Results 1 to 2 of 2
  1. #1
    kevinn205 is offline Member
    Join Date
    Nov 2011
    Posts
    65
    Rep Power
    0

    Default Html scraping Site Loads Wrong Jsoup Java

    I'm trying to run a script to pull information from a site however when I compare the actual website to the site that my program shows it is not the same.

    some examples of what is missing is the beginning !doctype and the companies' info Manufacturing Companies in Minnesota (MN) (if you view source itll show you how the code should work vs a copy and pasted version of the code below

    I'm not sure if javascript is part of the issue, i tried turning it off and it still worked, but i also noticed there is a lot of javascript in it; no login is required for the website.

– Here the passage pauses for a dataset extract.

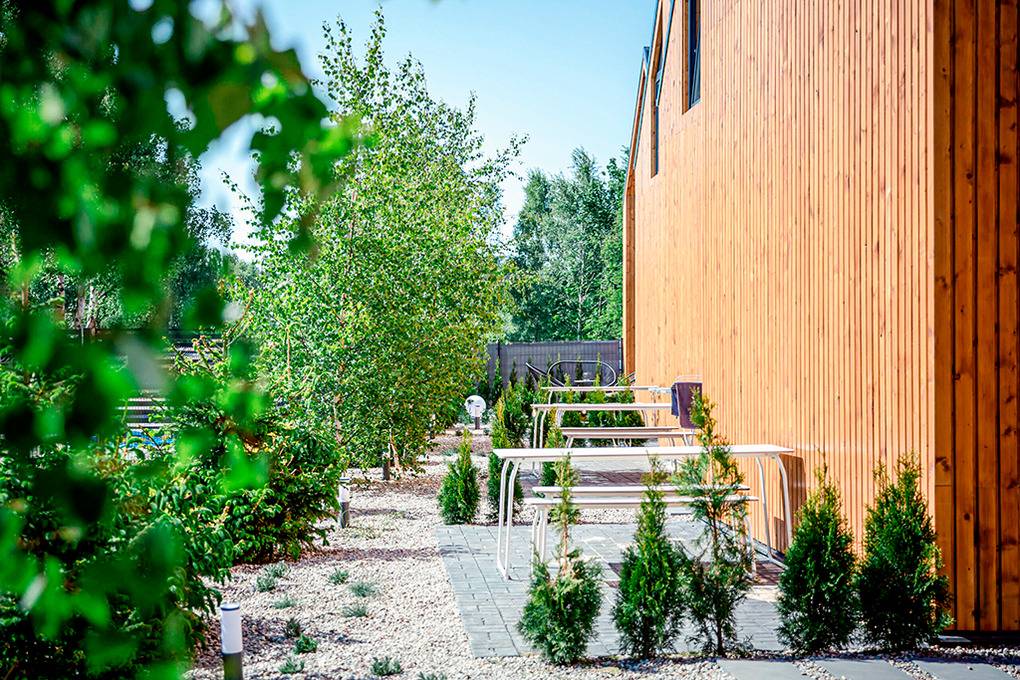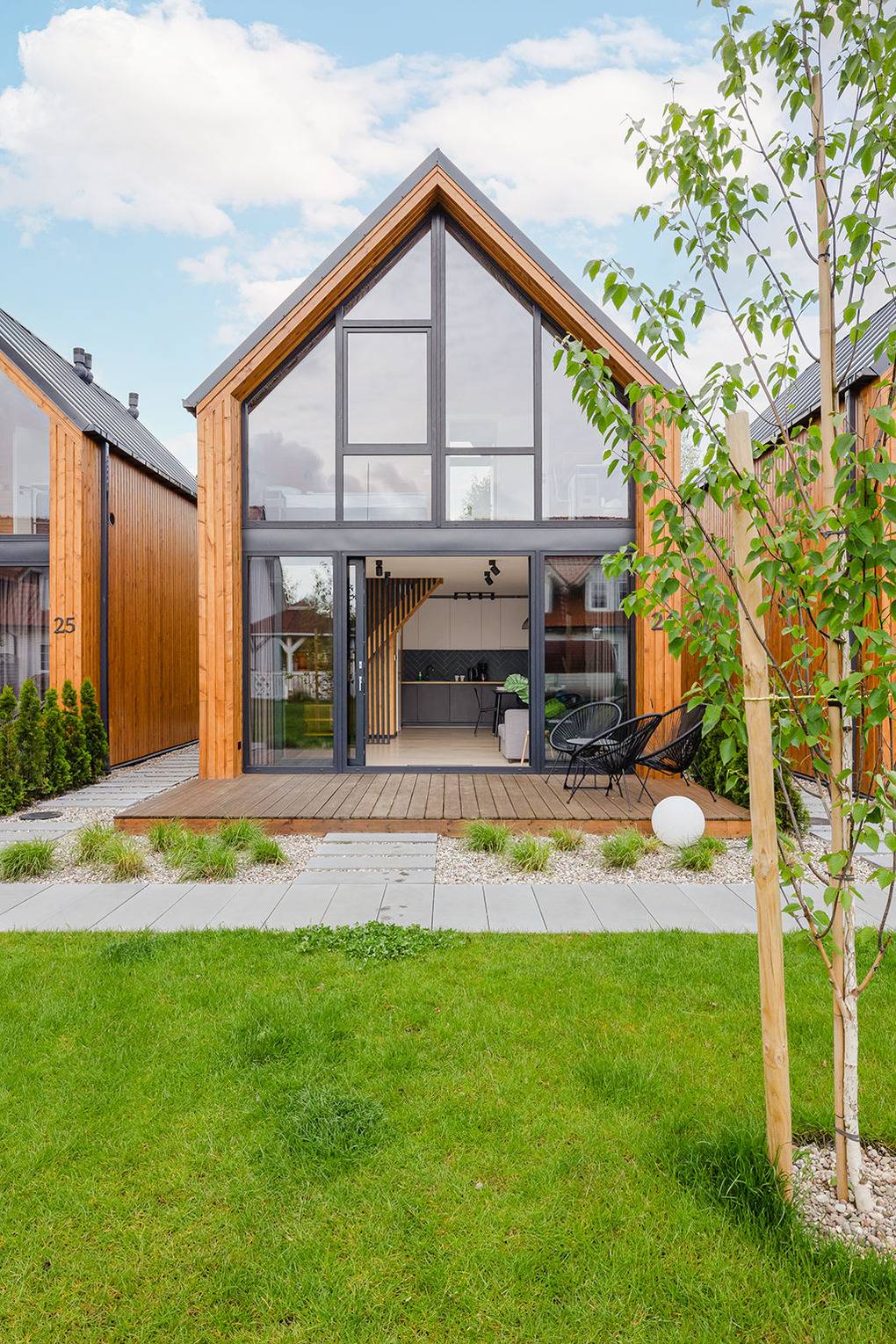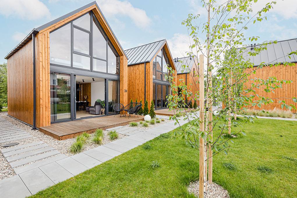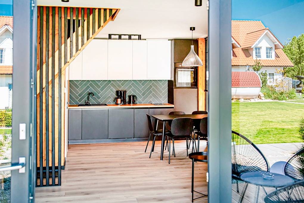 Haus: Schöne, stilvolle Ferienhausanlage, 2021 neu erbaut. Nichtraucherhäuser. Moderne, geschmackvolle Einrichtung. Alle Häuser mit Klimaanlage (Kühl- und Heizfunktion). Kostenloses Internet über W-Lan. Großzügige Terrasse mit Sitzmöbeln. Sauna und Grill zur Gemeinschaftsnutzung im Garten. Schöner Spielplatz für Kinder. 1 Pkw-Stellplatz/Haus vor dem Grundstück. Eine Waschmaschine in der Anlage zur gemeinschaftlichen Nutzung.

Maybe cookies?(I don't know much about cookies)

    Java Code:
    String keyword = "http://www.manta.com/mb_43_E7_24/manufacturing/minnesota.php";
    Document doc = Jsoup.connect(keyword).referrer("http://www.google.com").userAgent("Mozilla/5.0 (Windows; U;     WindowsNT 5.1; en-US; rv1.8.1.6) Gecko/20070725 Firefox/2.0.0.6").get();
    System.out.Println(doc.toString())
    ;
    Above is the code im using

    Any ideas why it is failing to load my page the way that my browser does? At one point I had it working but I accidently broke it

    And do you have any recommendations to a solution if this solution would not be a reasonable one to pull information from a website?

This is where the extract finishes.